Many businesses overestimate the cost and underestimate the benefits of improving environmental practices. Management accounting techniques can distort and misrepresent environmental issues, leading to managers making decisions that are bad for businesses and bad for the environment.

This leads to a failure to enhance customer value, while increasing the risk profile of investments and other decisions with long-term consequences.

For management accounting to contribute to improving the environmental performance of organisations, it has to change. Environmental Management Accounting (EMA) is an attempt to integrate best management accounting thinking and practice with best environmental management thinking and practice.

Businesses in the Caribbean have had to adjust to government policies to address environmental concerns. In a bid to continue to position itself as one of the world's most green-focused countries, Guyana banned the importation and use of polystyrene foam such as Styrofoam earlier this year. Styrofoam waste makes up about 2-5 per cent of the waste stream in Guyana, and is primarily used in the food service industry.

Guyana's Department of Natural Resources and the Environment has already begun implementing serious measures to address waste management and promote biodegradable materials.

Most recently, cosmetics giants have been in the spotlight as governments in the US and UK move towards banning the use of microbeads in their products. Microbeads are tiny pieces of plastic that have been used to remove dry cells from the surface of the skin. However, studies have found that they are tiny enough to pass through water filtration plants and therefore end up in lakes and rivers. This contributes to the growing amount of plastic waste in the ocean that is entering the food chain and harming fish and other marine life.

With mounting criticism about using microbeads in beauty products, many brands have begun phasing out their use in response, although an official ban is not yet in place.
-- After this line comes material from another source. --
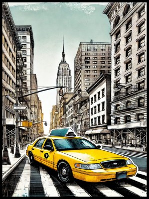Ten plakat przenosi Cię prosto na tętniące życiem ulice Nowego Jorku, gdzie charakterystyczne żółte taksówki suną wśród strzelistych wieżowców.

L'Oreal has said it will be looking for natural alternatives (for example, mineral particles or fruit seeds that can provide safety and the same effectiveness as before. This, of course, will have an impact on their product innovations.

The pursuit of environmental quality management via the development of an Environmental Management System (EMS) can only be achieved if 'environmental audit' is a concomitant feature of such a system. In this respect the organisation becomes self-regulating, and the undertaking of environmental audits on a regular basis provides the platform for organisations to adopt a self-critical and analytical posture as part of their routine organisational management processes.
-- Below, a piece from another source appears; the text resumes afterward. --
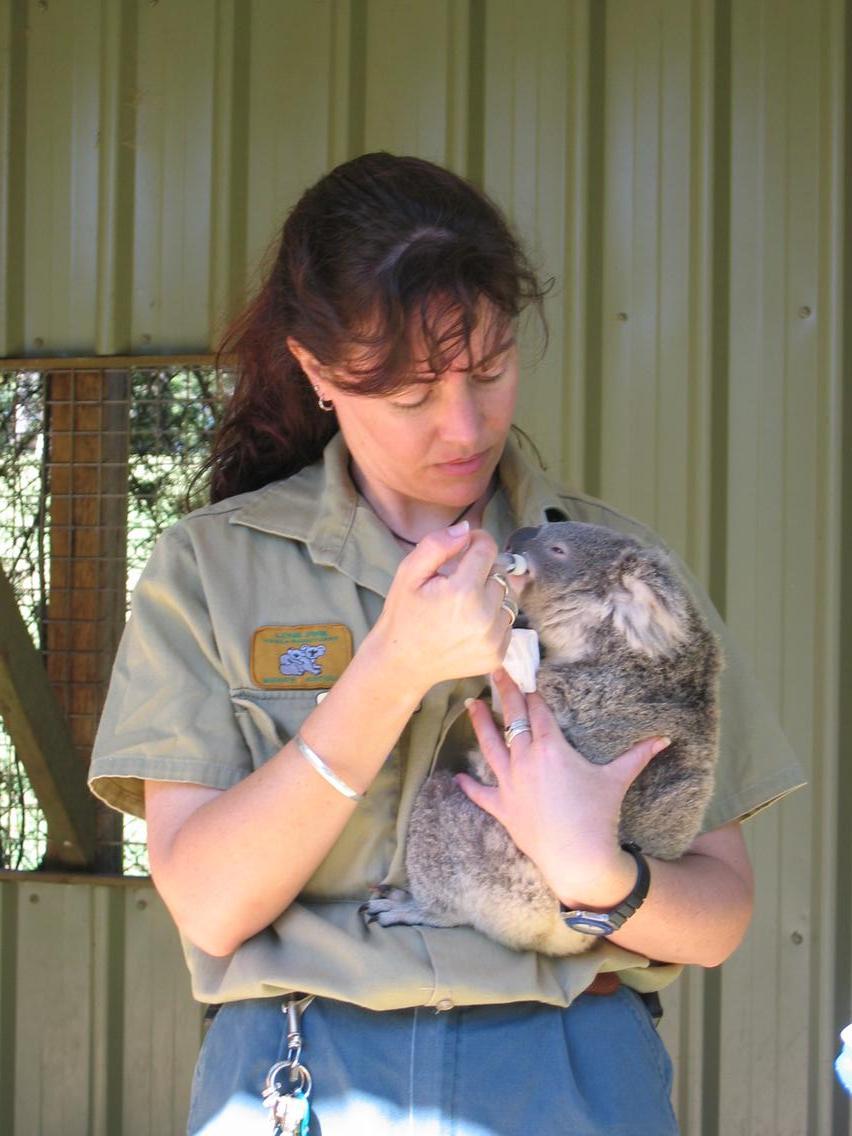 | Here a baby orphaned koala is getting a supplemental feeding from the park ranger. |

Organisations should be striving to achieve an integrated environmental strategy underpinned by the same type of culture that is required for the successful operation of a programme of total quality management (TQM).
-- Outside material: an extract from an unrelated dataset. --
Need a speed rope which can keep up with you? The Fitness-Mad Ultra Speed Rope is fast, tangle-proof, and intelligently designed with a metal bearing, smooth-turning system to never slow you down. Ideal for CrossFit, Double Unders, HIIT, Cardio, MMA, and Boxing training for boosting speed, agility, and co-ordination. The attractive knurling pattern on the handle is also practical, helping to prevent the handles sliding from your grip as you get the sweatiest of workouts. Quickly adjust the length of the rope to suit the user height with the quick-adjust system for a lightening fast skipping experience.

EMS and TQM share the focus upon 'continuous improvement' and the pursuit of excellence.

Such organisations pursue objectives that may include zero complaints, zero spills, zero pollution, zero waste and zero accidents. Information systems need to be able to support such environmental objectives via the provision of feedback — on the success or otherwise — of the organisational efforts in achieving such objectives.

This approach to environmental quality management requires the development of environmental performance measures and indicators that will enable a comprehensive review of environmental performance to be undertaken.

Many — if not all — total quality management accounting techniques can be modified and effectively adopted to help manage environmental issues.

Vintoria Bernard, a former ICAJ president, is the managing partner of VB Chartered Accountants, and has been in practice since 1991.